Items from a data source:
+++

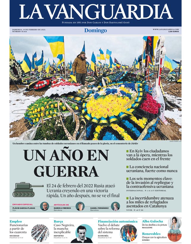 EL CORREO: "Un año de guerra en Ucrania"; "Suena alegre el Carnaval"; "Un colapso de la Seguridad Social desespera a los vizcaínos".
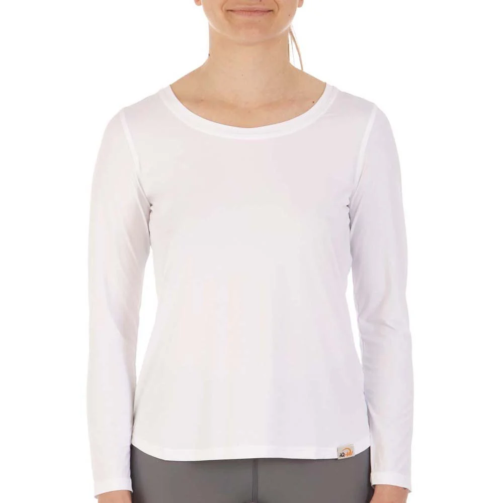 It´s over 30 degrees outside and you long to cool down? We can certainly help you out with the right clothing, because this long-sleeved shirt with round neckline for women is not only ultra-light, but also perfect for high summer thanks to its cooling effect. Made in Europe from 83% polyamide and 17% elastane (Lycra). Washable at 40 degrees and non-iron.
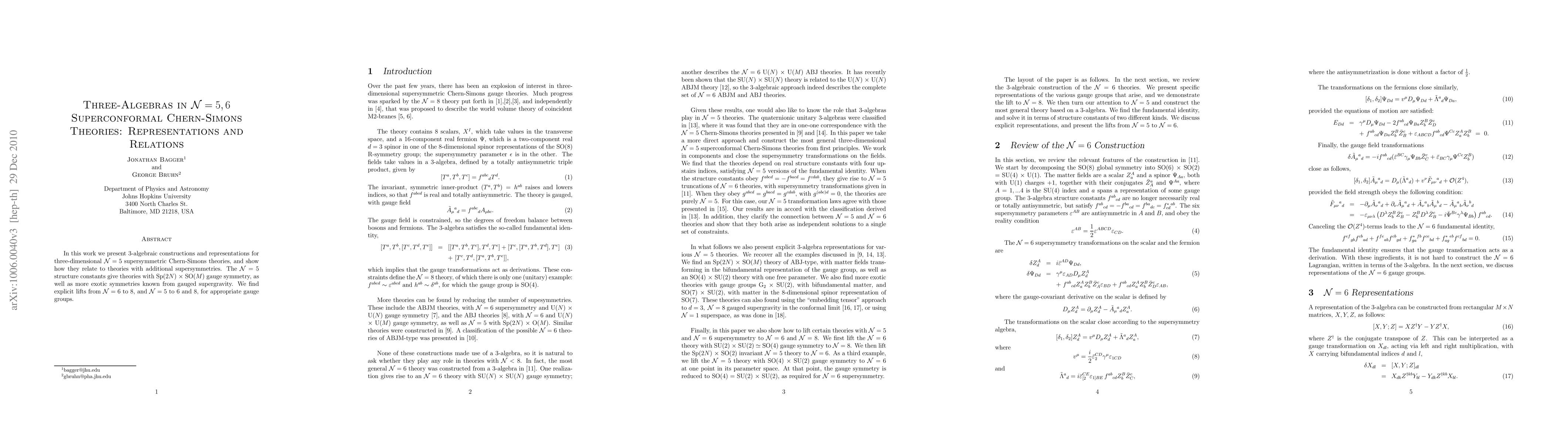 In this work we present 3-algebraic constructions and representations for three-dimensional N = 5 supersymmetric Chern-Simons theories, and show how they relate to theories with additional supersymmetries. The N = 5 structure constants give theories with Sp(2N) \times SO(M) gauge symmetry, as well as more exotic symmetries known from gauged supergravity. We find explicit lifts from N = 6 to 8, and N = 5 to 6 and 8, for appropriate gauge groups.
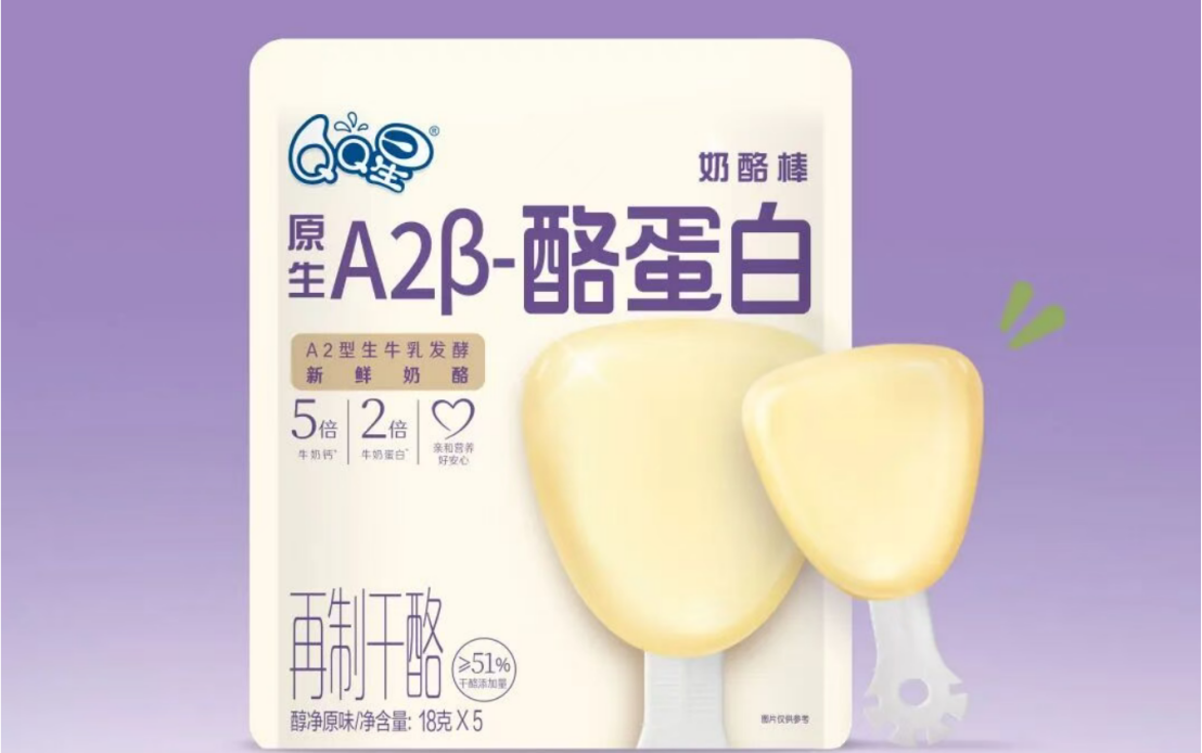 9月2日,伊利QQ星上新奶酪棒新品原生A2β-酪蛋白,该产品使用A2型生牛乳限时发酵而成,原生自带A2β-酪蛋白,配料表只添加奶酪、蛋白配料、水、海藻糖、柠檬酸钠,无防腐剂和食品用香精等,适合儿童在户外、家庭等多种场景食用。
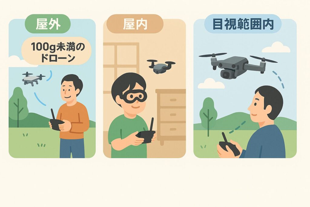 • 広い屋外の場所で、100g未満の模型のようなドローンを飛ばして遊ぶ
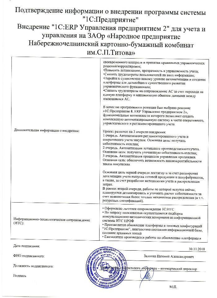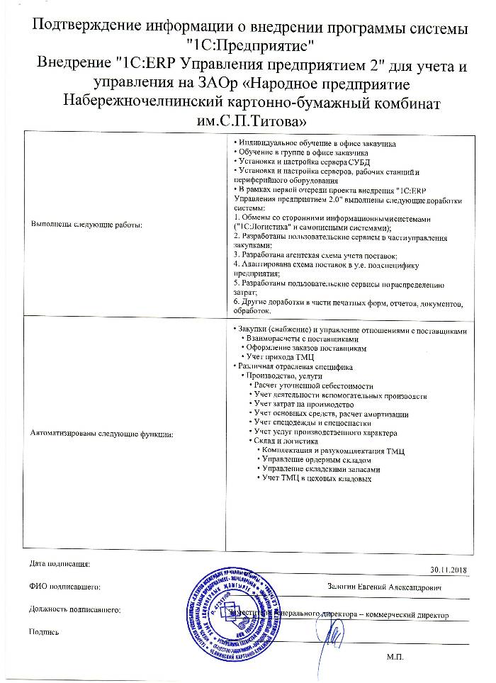 Работы по внедрению программного продукта «1С:Управление производственным предприятием 8» выполняются качественно, в соответствии с согласованными сроками.
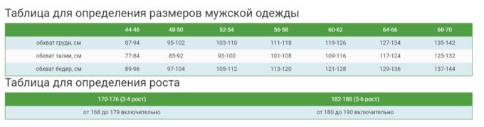 tablicy sootvetstviya razmerov ekipirovki ixs
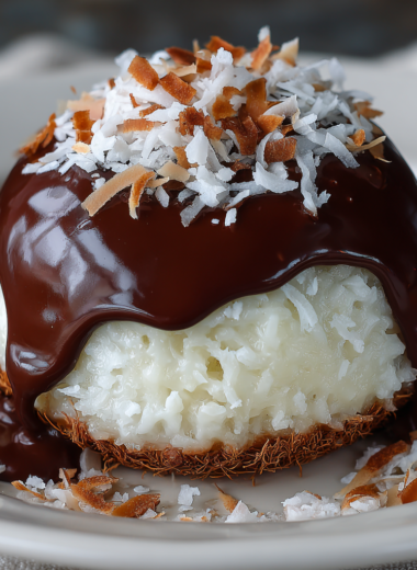 This Coconut Dome with Chocolate features a luscious blend of creamy coconut and rich chocolate, creating a delectable dessert that complements any celebration with its elegant appearance and delightful texture.
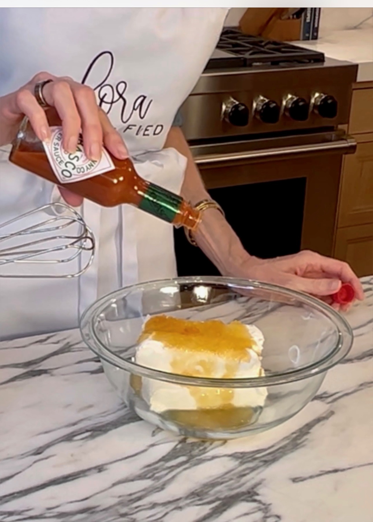 Using a mixer, mix until well combined and smooth. When it comes to the hot sauce, do whatever you feel will work for your tastebuds.
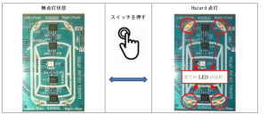 電源供給状態でHazard 点灯スイッチを操作すると、LED 表示箇所のLED が点灯します
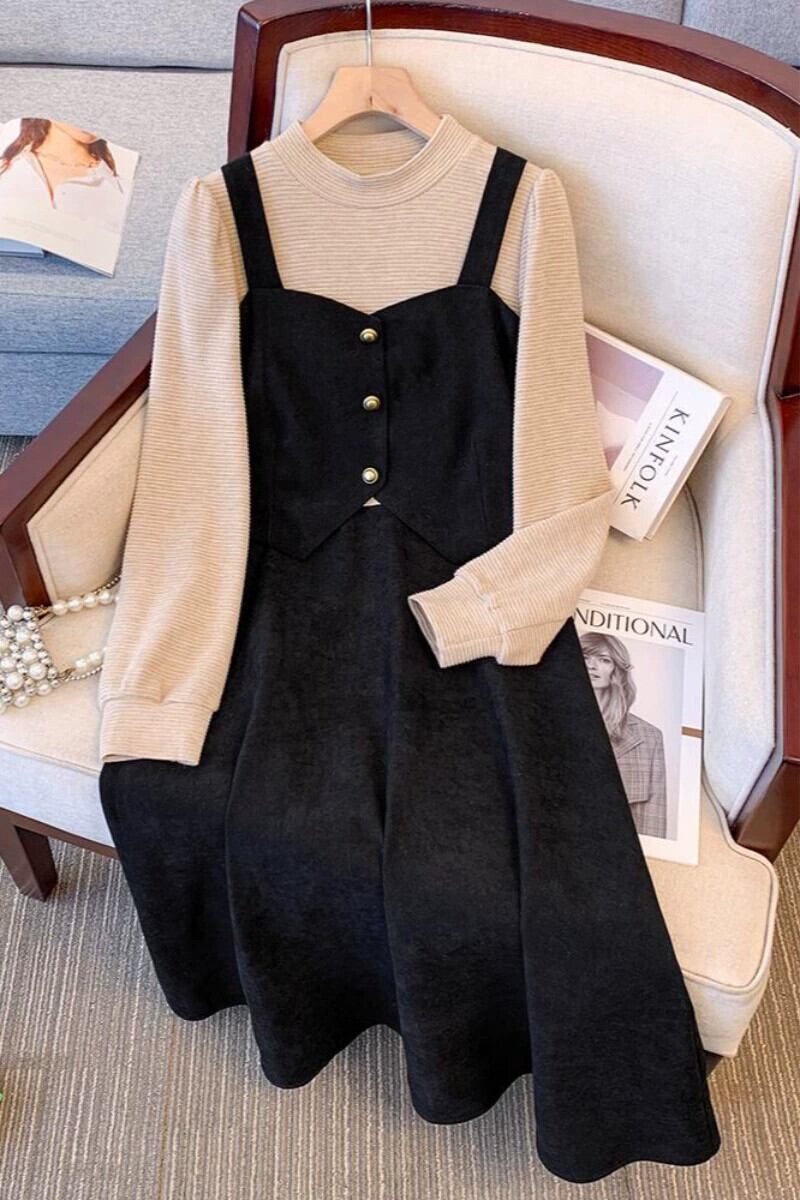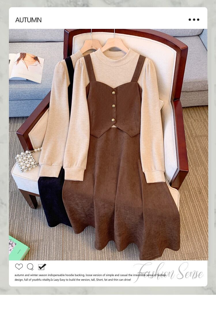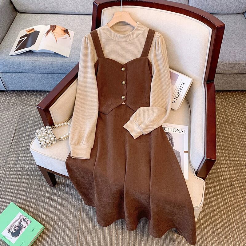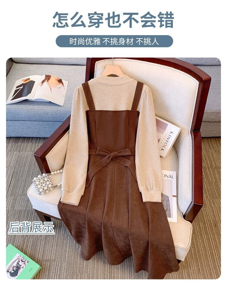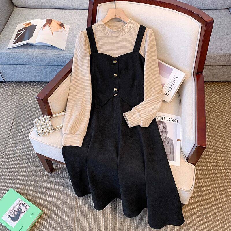 プラスサイズの女性の脂肪 mm フレンチレトロフェイクツーピース A ラインスカート冬の新 2023 気質デザインドレス 大きめサイズ ウィンター 冬物 Aライン 8884177721660880

+++

Your instructions:
Without copying any picture, write out the entries exactly.

Written solution:
 EL CORREO: "Un año de guerra en Ucrania"; "Suena alegre el Carnaval"; "Un colapso de la Seguridad Social desespera a los vizcaínos".
 It´s over 30 degrees outside and you long to cool down? We can certainly help you out with the right clothing, because this long-sleeved shirt with round neckline for women is not only ultra-light, but also perfect for high summer thanks to its cooling effect. Made in Europe from 83% polyamide and 17% elastane (Lycra). Washable at 40 degrees and non-iron.
 In this work we present 3-algebraic constructions and representations for three-dimensional N = 5 supersymmetric Chern-Simons theories, and show how they relate to theories with additional supersymmetries. The N = 5 structure constants give theories with Sp(2N) \times SO(M) gauge symmetry, as well as more exotic symmetries known from gauged supergravity. We find explicit lifts from N = 6 to 8, and N = 5 to 6 and 8, for appropriate gauge groups.
 9月2日,伊利QQ星上新奶酪棒新品原生A2β-酪蛋白,该产品使用A2型生牛乳限时发酵而成,原生自带A2β-酪蛋白,配料表只添加奶酪、蛋白配料、水、海藻糖、柠檬酸钠,无防腐剂和食品用香精等,适合儿童在户外、家庭等多种场景食用。
 • 広い屋外の場所で、100g未満の模型のようなドローンを飛ばして遊ぶ
 Работы по внедрению программного продукта «1С:Управление производственным предприятием 8» выполняются качественно, в соответствии с согласованными сроками.
 tablicy sootvetstviya razmerov ekipirovki ixs
 This Coconut Dome with Chocolate features a luscious blend of creamy coconut and rich chocolate, creating a delectable dessert that complements any celebration with its elegant appearance and delightful texture.
 Using a mixer, mix until well combined and smooth. When it comes to the hot sauce, do whatever you feel will work for your tastebuds.
 電源供給状態でHazard 点灯スイッチを操作すると、LED 表示箇所のLED が点灯します
 プラスサイズの女性の脂肪 mm フレンチレトロフェイクツーピース A ラインスカート冬の新 2023 気質デザインドレス 大きめサイズ ウィンター 冬物 Aライン 8884177721660880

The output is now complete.